Chapter 2:  Best practices for auditing the HTML that Googlebot crawls today

Each time a web page is requested by an end user, inputs from multiple sources are brought together to create the experience visible in modern web browsers, which we see as a complete webpage. In the second or so that it takes the final rendering to be constructed, there may be hundreds of tasks executed in a very intentional sequence. This blog post is part of an on-going series about SEO. To read all the blogs in this series, click here.

These tasks are executed in two main places:

  • Server-side – the web servers where the web page is stored
  • Client-side – the end user’s web browser and the device upon which is is being used

Web developers determine the sequence that tasks will be executed, and decide which parts are executed server-side and which are executed client-side. The tasks executed client-side typically include images, videos, interactive elements, advertisements, reviews, recommendations, and other services managed by vendors.

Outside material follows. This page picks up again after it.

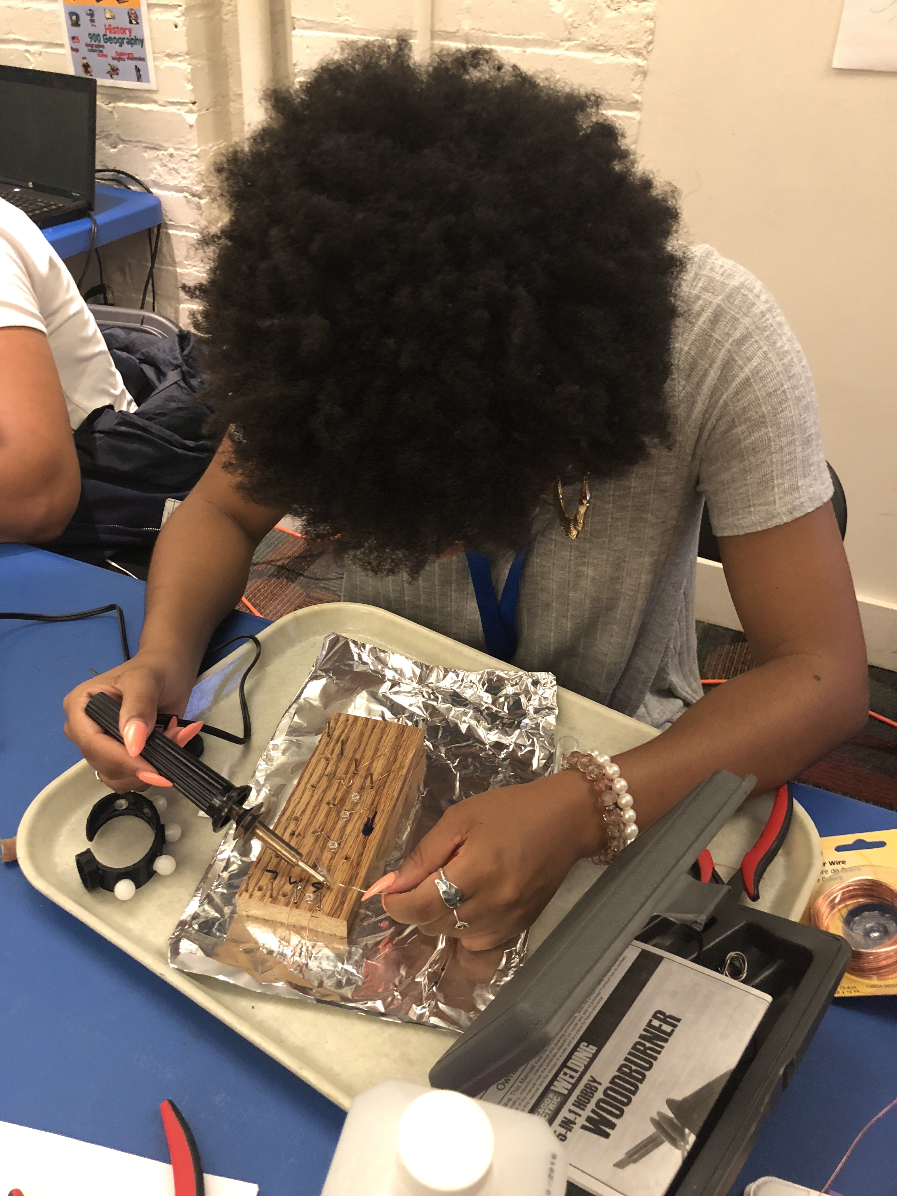 As a masters student research intern this summer, I’ve been looking at how girls’ participation in the CompuGirls program contributes to their perceptions of self-efficacy, which is defined as the belief in one’s ability to successfully accomplish a task. I think the most striking example of girl’s self-efficacy expansion I observed occurred at the Ypsilanti District Library in an activity where the girls used soldering to add circuitry and blinking LEDs to a 3d printed bracelet. Soldering is the process by which you use an extremely hot metal implement to weld two pieces of metal together. It’s no joke. The girls were intimidated at first and I certainly can’t blame them — so was I! But as they gained exposure to the tools and began soldering on their own under the safety and supervision of experienced teachers, they really took to the activity and each one of them successfully finished a bracelet. Their confidence and feelings of self-efficacy soared, with many of them reporting that learning to solder was the highlight of their day and several going on to make additional projects using soldering in the final days of the camp.

Since 1995 (the beginning of SEO time), search engines only read and indexed server-side content and code, preventing them from being able to connect end users with a very significant percentage of the Internet’s content.

In October 2014, Google began indexing complete web pages, including both server-side and client-side content. Bazaarvoice data suggests that Google is now crawling and indexing complete web pages more than 80% of the time.

While this change is significant, Google has not provided any specifics into how the updated technologies work.  Many SEO tools have not yet been updated – even some tools owned and managed by Google.  The SEO industry is learning that historical SEO audit techniques are no longer adequate. View Source, once the go-to functionality for auditing HTML, is no longer sufficient. 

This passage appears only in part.